■ SOURCE DATA:
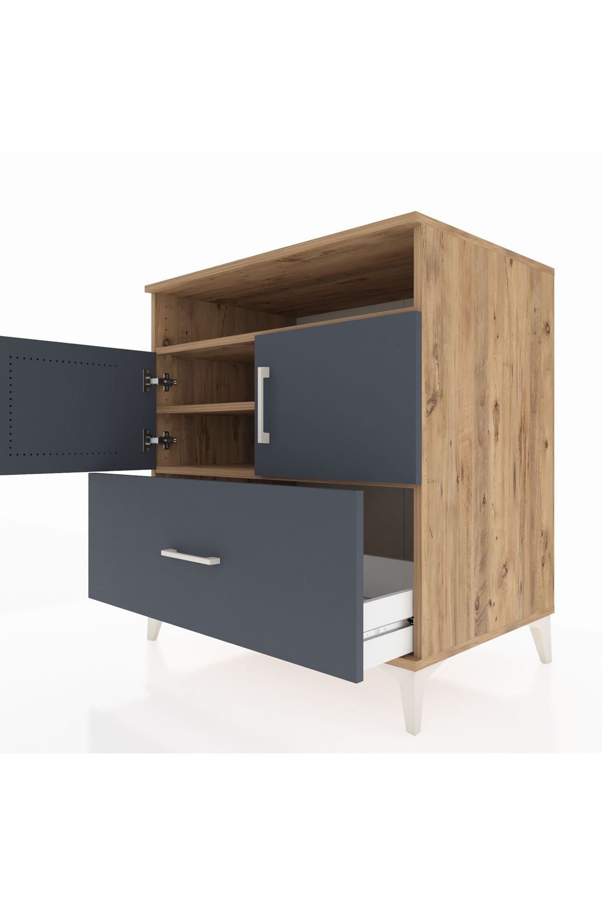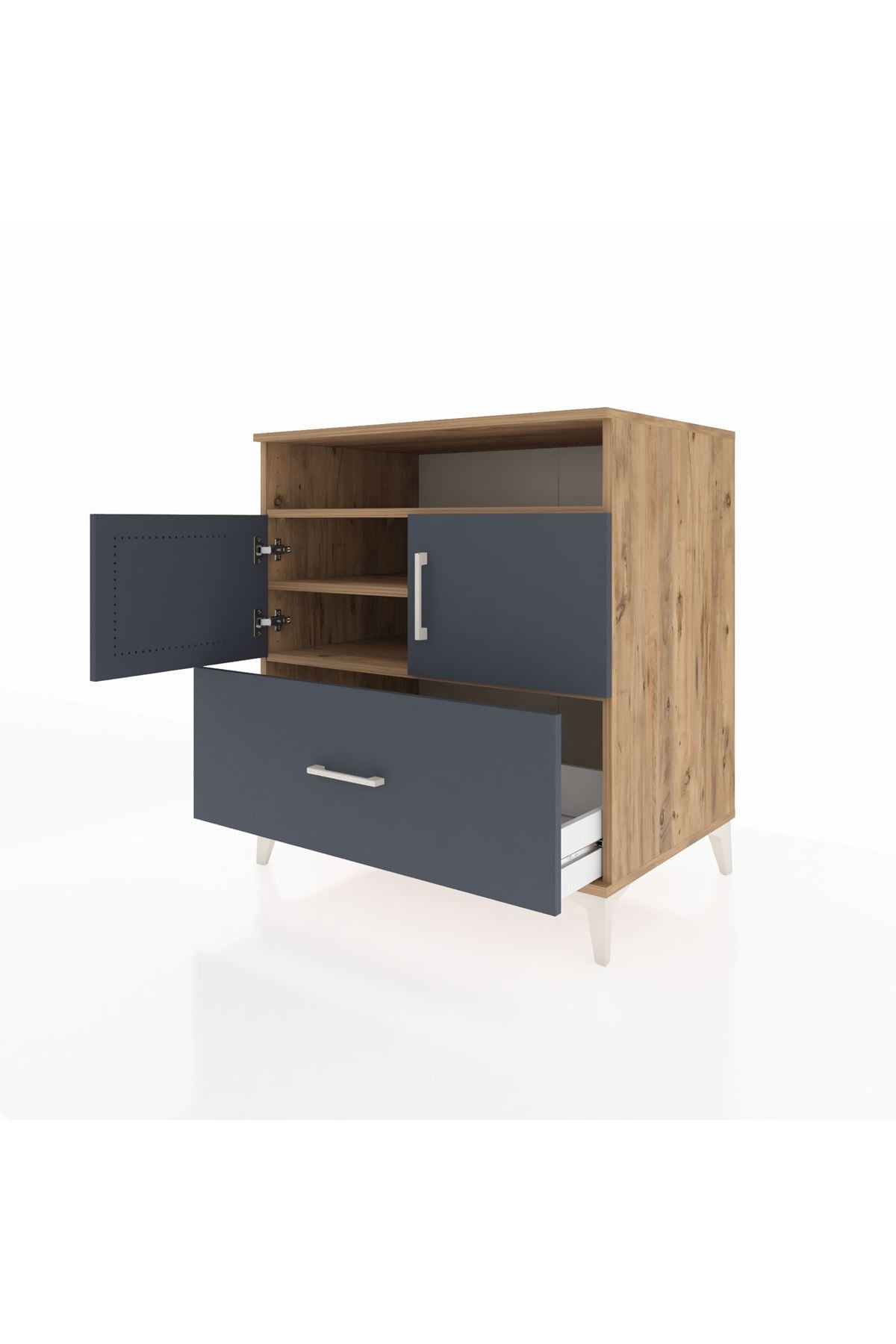 Kronos Şifonyer 3 Raflı Tek Çekmeceli 2 Kapaklı 88x59x96 Çam-Antrasit
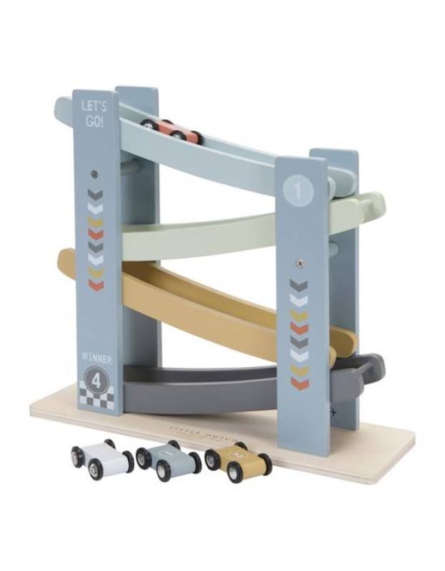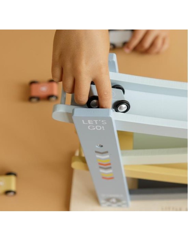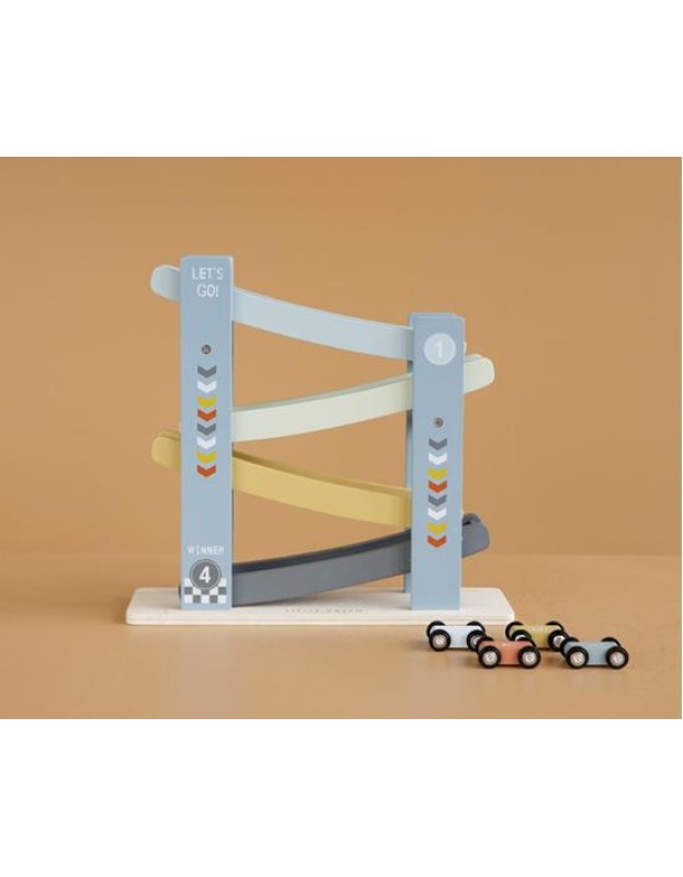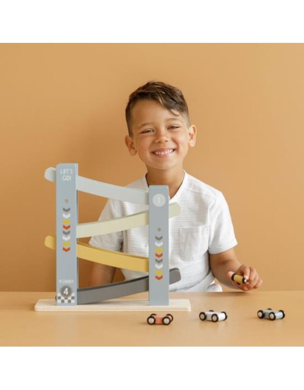 Поставете ги автомобилите еден по еден на врвот на тркачката патека и пуштете ги, тие ќе се тркаат надолу.
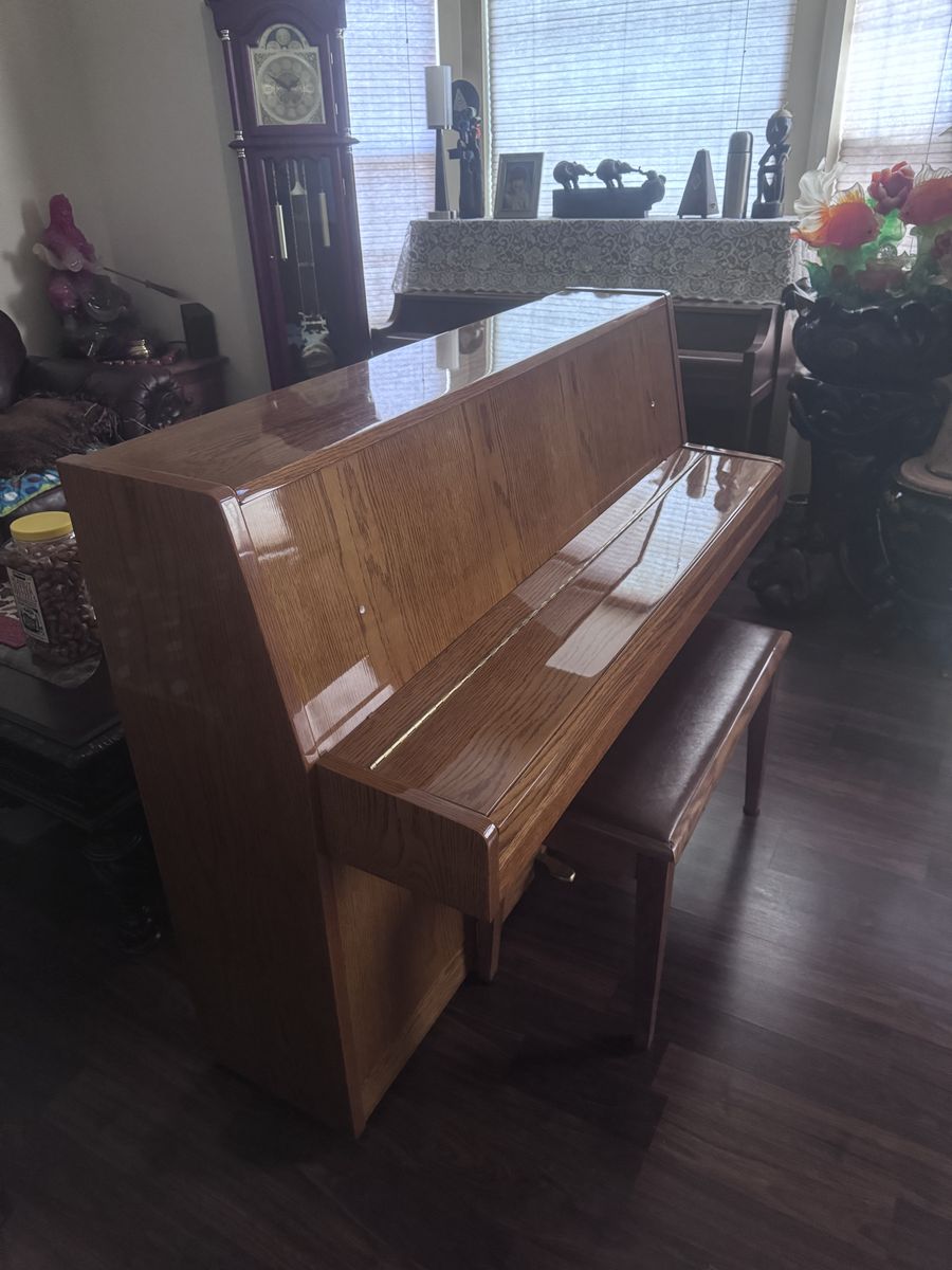 VenmoBeautiful SAMICK upright piano. Has classic wood finish. Comes with matching bench. All keys and pedals are working great, deep cleaned and tuned. We do free delivery and free home tuning services. 57.5 inches L, 22 inches W, 42.5 inches H

■ WORK ITEM: Transcribe the full listing above exactly, with the images removed.

■ RESULT OF THIS EXERCISE:
 Kronos Şifonyer 3 Raflı Tek Çekmeceli 2 Kapaklı 88x59x96 Çam-Antrasit
 Поставете ги автомобилите еден по еден на врвот на тркачката патека и пуштете ги, тие ќе се тркаат надолу.
 VenmoBeautiful SAMICK upright piano. Has classic wood finish. Comes with matching bench. All keys and pedals are working great, deep cleaned and tuned. We do free delivery and free home tuning services. 57.5 inches L, 22 inches W, 42.5 inches H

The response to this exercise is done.